A vortex coronagraph is a type of optical instrument for telescopes that blocks out the glare of bright objects (like stars) so that smaller objects near them can be seen. For example, extrasolar planets near their host star as seen from Earth or space telescopes in Earth's solar system. It is a type of coronagraph.
In 2005 a paper described a method for astronomy, by which the light of a parent star could be blocked, while keeping the light from nearby but dimmer exoplanets (or whatever the companion is).[1]
Up until the year 2010, telescopes could only directly image exoplanets under exceptional circumstances. Specifically, it is easier to obtain images when the planet is especially large (considerably larger than Jupiter), widely separated from its parent star, and hot so that it emits intense infrared radiation. However, in 2010 a team from NASAs Jet Propulsion Laboratory demonstrated that a vortex coronagraph could enable small telescopes to directly image planets.[2] They did this by imaging the previously imaged HR 8799 planets using just a 1.5 m portion of the 5 meter Hale Telescope.
Vortex coronographs have been used in conjunction with adaptive optics for astronomy.

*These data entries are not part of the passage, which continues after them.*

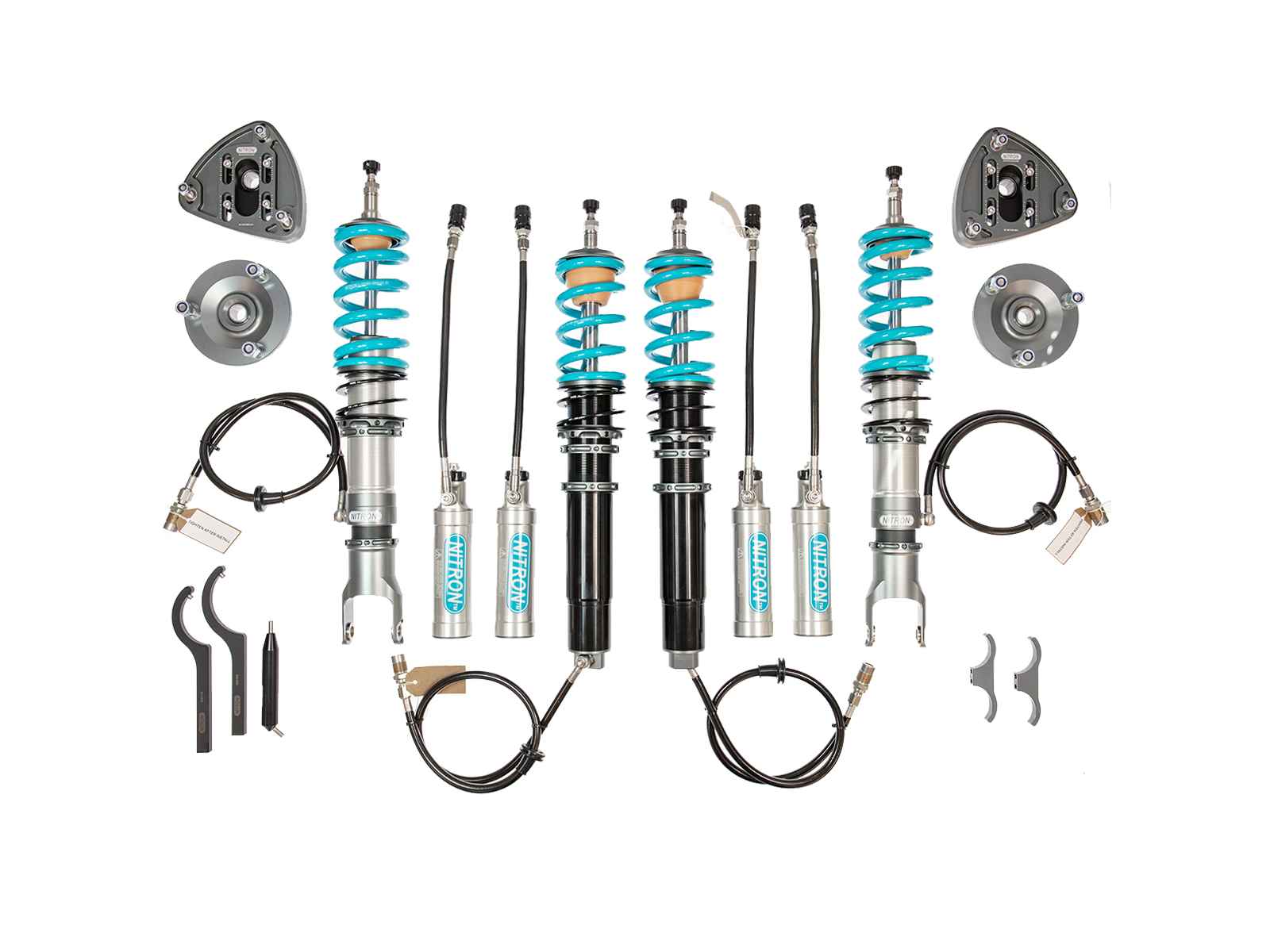 套件齐全,可与 Nitron 赛车弹簧(包括需要的辅助装置)和顶部支架配合使用。
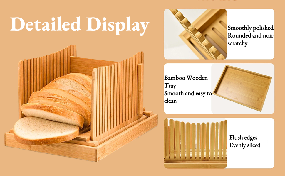 استمتع بالتقطيع بدون مجهود: مع دليل تقطيع خبز الخيزران الخاص بنا، استمتع براحة تصميم الفتحة الكبيرة، مما يجعل من السهل التقاط وتقطيع الخبز المنزلي بالطريقة التي تريدها. قل وداعًا للشرائح غير المستوية وأبهر عائلتك وأصدقائك بقطع متساوية تمامًا في كل مرة.
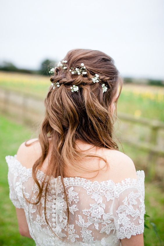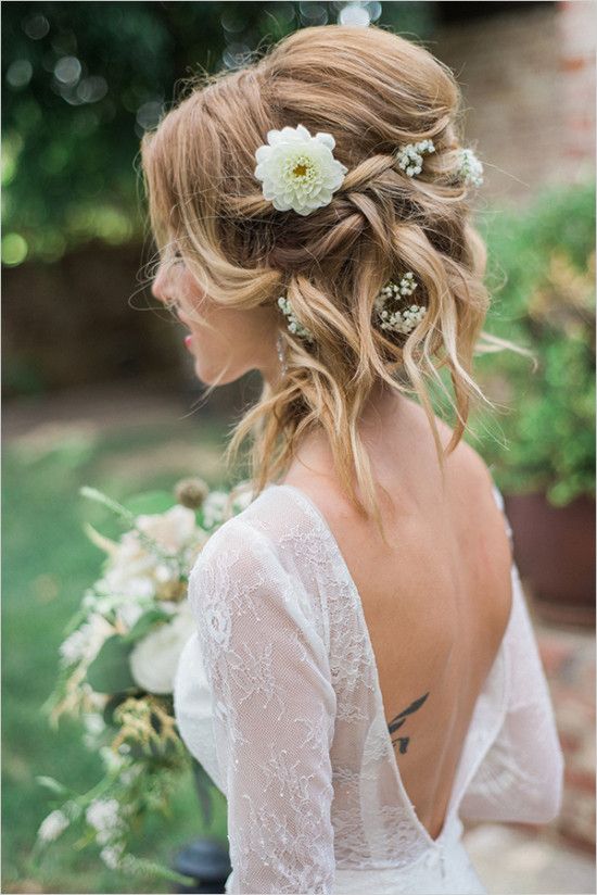 Il convient de noter que ces coiffures sont un excellent ajout à des robes concises dans le style de boho. Il peut aussi s'agir de tissus translucides avec de la dentelle. En tout cas, la mariée dans cette image est l'incarnation du charme et de la vraie féminité. Par conséquent, assurez-vous que les photos sont incroyables.
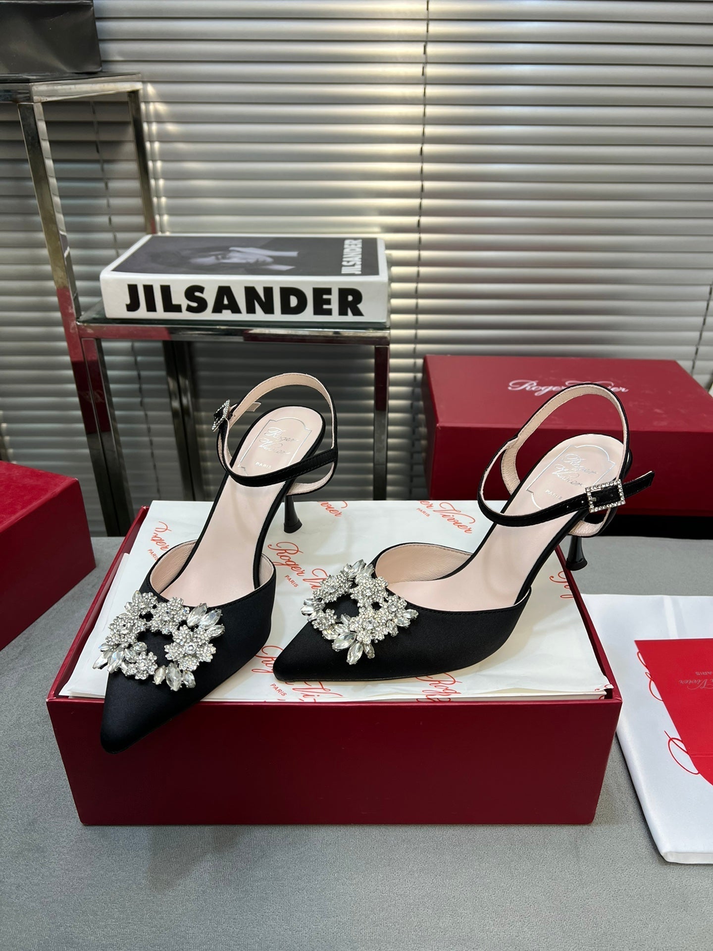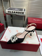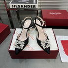 Flower Strass Buckle Slingback Pump 90 Black Satin
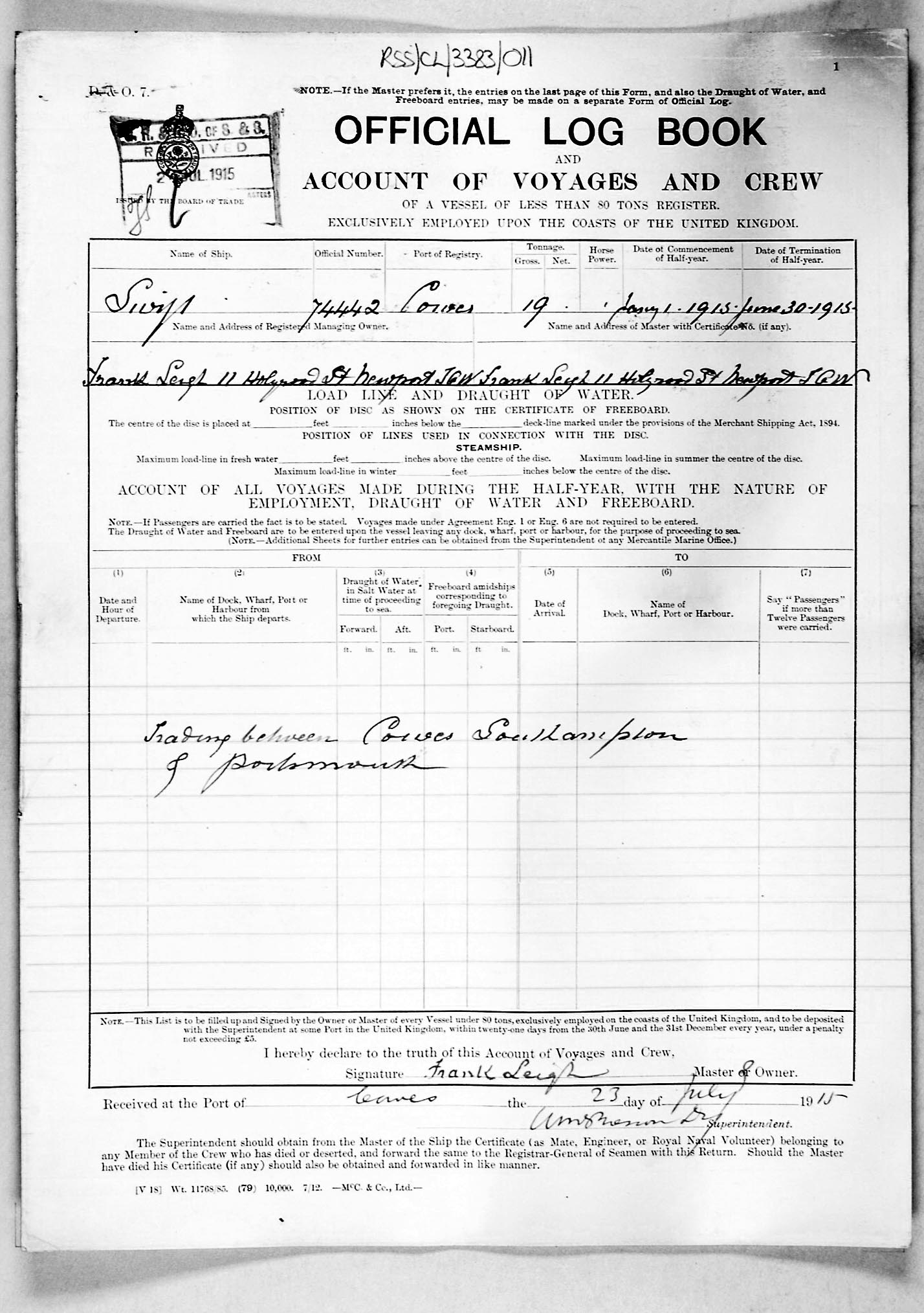1915 crew list for the vessel 'SWIFT'
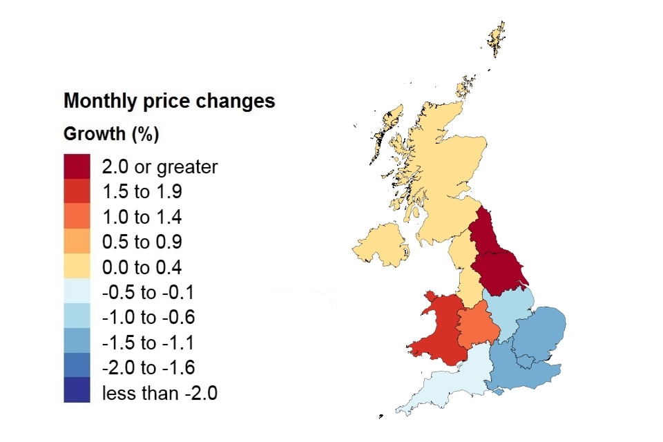 Note: The Northern Ireland figure represents a 3-month change and is not comparable with the other regions and countries.
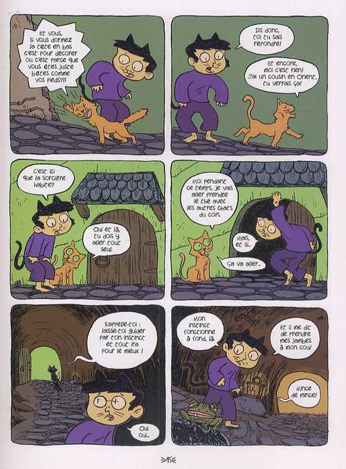 Recroquevillé sous son drap, l’enfant ne sait que faire. Il fait déjà noir et la lune brille dehors depuis un moment déjà. L’enfant semble apeuré et bien décider à s’enfuir loin, très loin de tous. Quand une voix l’interpelle. C’est Gaspard, son chat, qui a pris la parole. Il l’engage à sortir avec lui sur les toits en quête de croquettes. Y’a rien de meilleur pour un chat ! L’enfant amadoué se découvre. Apparaissent deux petites moustaches, des oreilles pointues et une queue. Oui, une vraie queue de chat qui lui sort du derrière ! L’enfant est un enfant-chat. Mais Gaspard le rassure : il ressemble à un super-héros. Convaincu, l’enfant se glisse dehors par la fenêtre à la suite de son animal. Garder son équilibre sur les toits n’est pas chose évidente. L’enfant-chat néophyte tombe parfois. C’est qu’il ressemble à un chat mais ce n’en est pas un ! Conseil de Gaspard : écouter son instinct. « Quand les moustaches passent, tout passe », comme il dit…
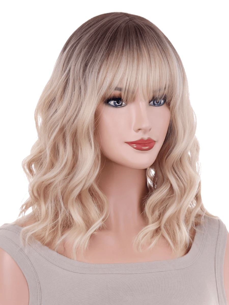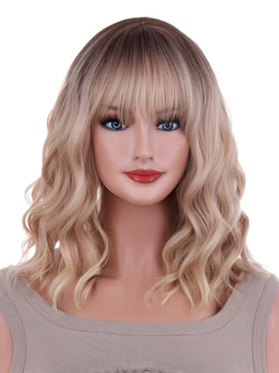 Unleash your inner blonde bombshell with this stunning Blonde Wavy Bob Wig with Fringe! Perfect for those who want to emulate Taylor swift. Switch up your style effortlessly, this wig features shoulder-length, wavy blonde strands that cascade beautifully, complemented by a darker ombré root for a natural, dynamic look. The full fringe adds an extra touch of chic, making this wig ideal for both casual and bold transformations.
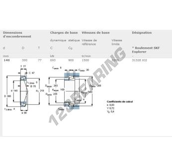 O Rolamento Cónico, conhecido pela referência 31328XJ2-SKF da marca SKF, tem um diâmetro interior de 140mm, um diâmetro exterior de 300mm e uma espessura de 77mm.
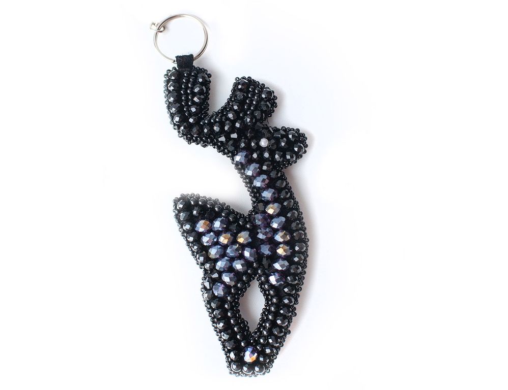 Брелок ручной работы, выполнен из бисера и кожи, цвета в ассортименте.
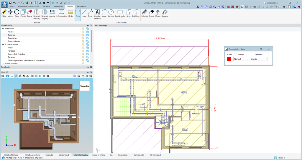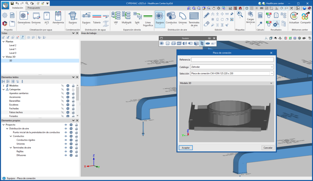 A partir de la versión 2025.d, CYPEHVAC incluye un nuevo módulo que permite el cálculo y diseño de instalaciones de ventilación mecánica controlada (VMC). El programa ofrece todos los elementos necesarios en este tipo de instalaciones: conductos, recuperadores de calor, plenums, bocas de impulsión y extracción, silenciadores, etc. de diferentes fabricantes.

A vortex coronograph was used on the Keck Observatory by 2017.[3] The VC was installed on an infrared camera at Keck, and allowed bodies to be viewed 2–3 times closer to a parent star than before. HIP 79124 B was imaged at a distance of 23 astronomical units from its host star with a vortex coronograph on the Keck telescope, and it was called a brown dwarf. Next generation VCs are able to dim multiple sources of light. It will be thus possible to use them to image planets around multi-star systems.[4]